やっと大きな揺れが少しずつ小さくなって落ち着きを取り戻し、いつもの海の静けさに戻り、一同はホッと安堵する。


「何で…空から船が降って来るんだ…!?」

「大丈夫だったか?アスカちゃん!」

「うん。ありがとう、サンジ」

「アスカちゃんが無事だったらよかった!しかし、奇怪な…」

「空にゃ何にもねェぞ…」

「あ!!」

「どうしたナミさん!?」


揺れの中、降ろすことも降りることも出来ずずっとサンジに抱きかかえられていたアスカは心配するサンジに俺を言いながらサンジから降りる。
アスカに怪我がない事やナミやロビンにも怪我がない事を確認し、サンジはここでようやく本当の意味で安堵する。
サンジに降ろされているとナミが声を上げ、記録指針を見て顔を青くしていた。
体を震わせ記録指針を見つめるばかりのナミにアスカは首を傾げながら近寄る。


「ナミ?どうしたの?」

「どうしよう…アスカ…!!"記録指針"が…壊れちゃった!上を向いて動かない…!!」

「え!?記録指針が壊れた!?それ大丈夫なの!?」


海に関して、そして航海に関して、アスカは素人である。
だからナミの言葉を信じてしまい記録指針が壊れたと言われ慌てた。
ナミも初めての事だからか、慌てふためき涙目だったのだが、そんなナミにロビンが歩み寄りながら否定した。

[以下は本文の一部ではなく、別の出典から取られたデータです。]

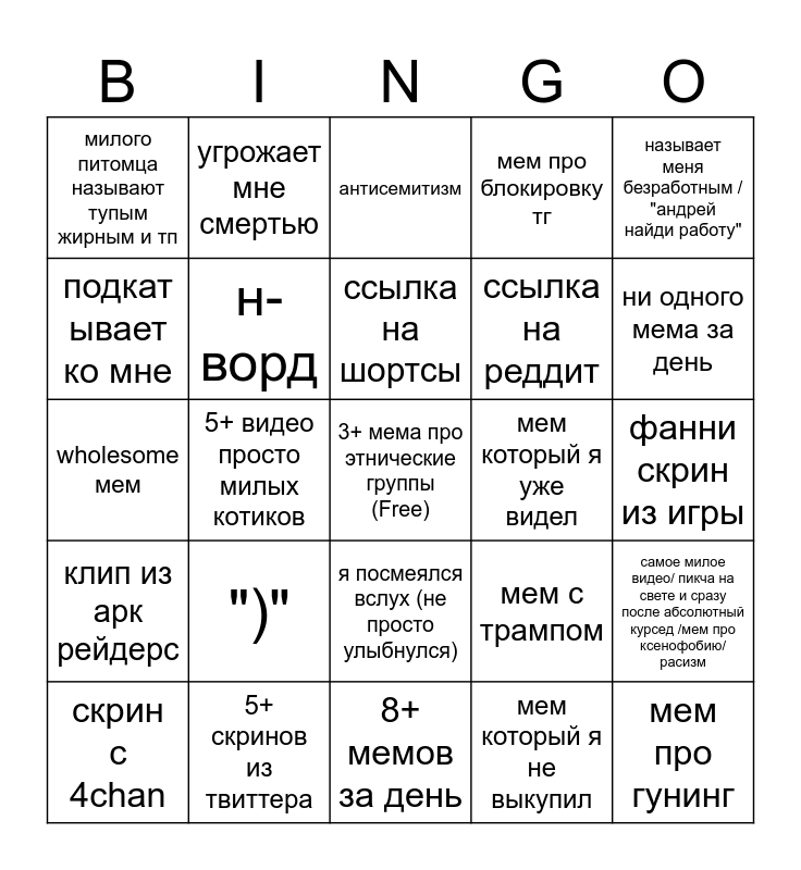 This bingo card has a free space and 24 words: ")", 5+ скринов из твиттера, ссылка на шортсы, скрин с 4chan, называет меня безработным / "андрей найди работу", милого питомца называют тупым жирным и тп, подкат ывает ко мне, угрожает мне смертью, мем который я уже видел, я посмеялся вслух (не просто улыбнулся), ссылка на реддит, wholesome мем, мем с трампом, самое милое видео/ пикча на свете и сразу после абсолютный курсед /мем про ксенофобию/расизм, н-ворд, мем который я не выкупил, фанни скрин из игры, антисемитизм, ни одного мема за день, 5+ видео просто милых котиков, мем про гунинг, клип из арк рейдерс, мем про блокировку тг and 8+ мемов за день.
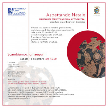 Domenica 5 dicembre la direzione del Museo e Parco archeologico nazionale di Locri presenta l’iniziativa "Aspettando Natale", che prevede un fitto calendario di aperture straordinarie del Museo di Palazzo Nieddu del Rio.
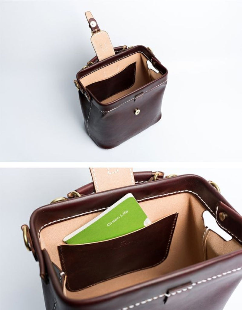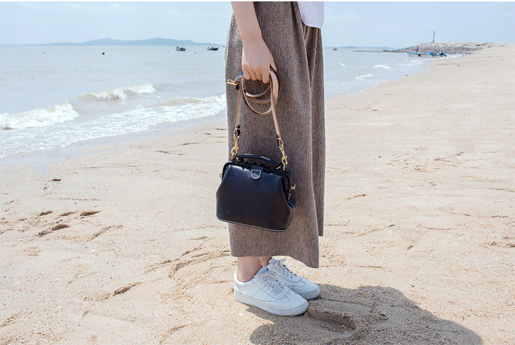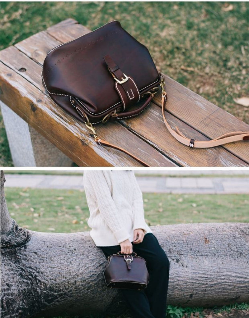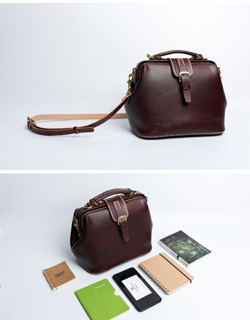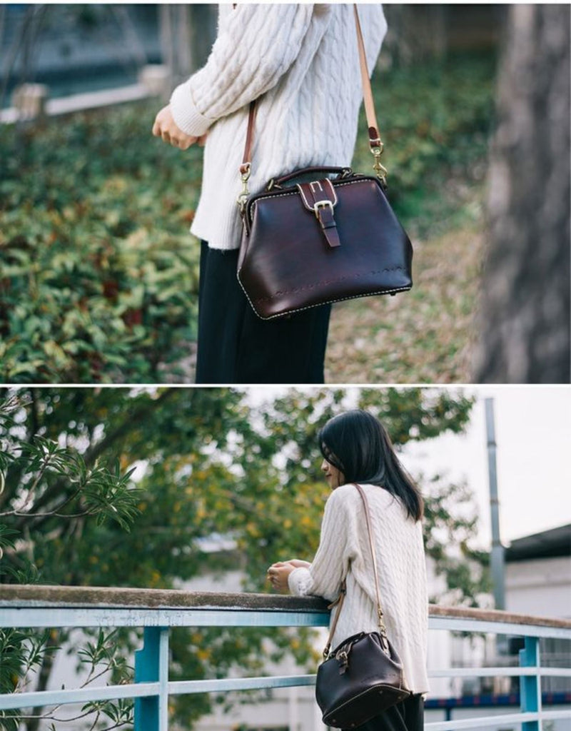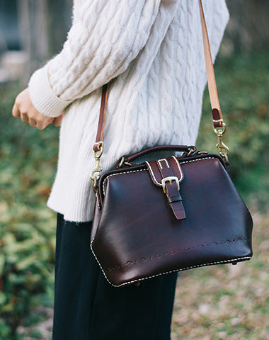 Style:Handmade Womens Coffee Leather doctor Handbag shoulder doctor bags Purse for women
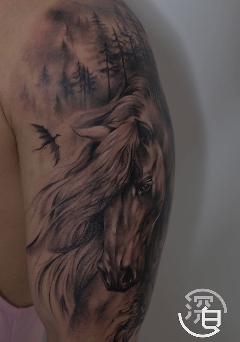 当前位置: 首页 >湖南省长沙市纹身店-深白刺青纹身图案>马纹身图片

「違うわ…より強い磁力をもつ島によって新しい"記録"にかきかえられたの…!」


ロビンの言葉にその場に居る全員がロビンへ顔を向ける。
航海に関してで言えばロビンは素人だが、海に関してはロビンの方が先輩なのだ。
ロビンの方を見れば、ロビンは空を見上げていた。


「…指針が上を向いているなら"空島"に"記録"を奪われたという事…!!」

「空島…?」


アスカはロビンと同じく空を見上げる。
そこには大空が広がっていた。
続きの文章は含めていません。